Available data>

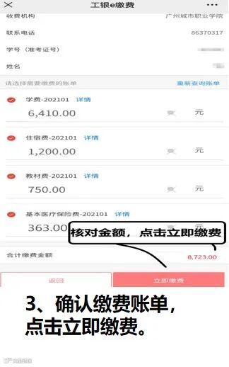 所缴费用均采用中国工商银行e缴费系统通过微信支付的方式进行。
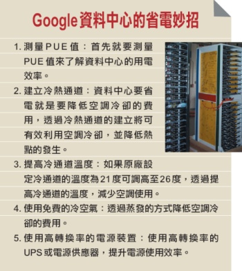 根據Google的資料,Google六座資料中心平均PUE值為1.21,目前臺灣企業資料中心的PUE值平均為2.5,歐美國家的PUE值平均則為2,PUE值越低,代表著機房空調冷卻所需的電力就會更少,Google幾乎做到最高標準的資料中心節能目標。Google日前發布一個專屬網站,告訴大家Google如何透過4種方法打造出高能源使用效率的資料中心。
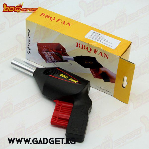 Фен для барбекю полностью механическое изделие. Нажатие на красный курок, приводит в действие внутренний механизм, который, в свою очередь, создает поток воздуха способный раздувать пламя.

Exercise brief> An exact copy of the listing is required; return it without any pictures.

Task result>
 所缴费用均采用中国工商银行e缴费系统通过微信支付的方式进行。
 根據Google的資料,Google六座資料中心平均PUE值為1.21,目前臺灣企業資料中心的PUE值平均為2.5,歐美國家的PUE值平均則為2,PUE值越低,代表著機房空調冷卻所需的電力就會更少,Google幾乎做到最高標準的資料中心節能目標。Google日前發布一個專屬網站,告訴大家Google如何透過4種方法打造出高能源使用效率的資料中心。
 Фен для барбекю полностью механическое изделие. Нажатие на красный курок, приводит в действие внутренний механизм, который, в свою очередь, создает поток воздуха способный раздувать пламя.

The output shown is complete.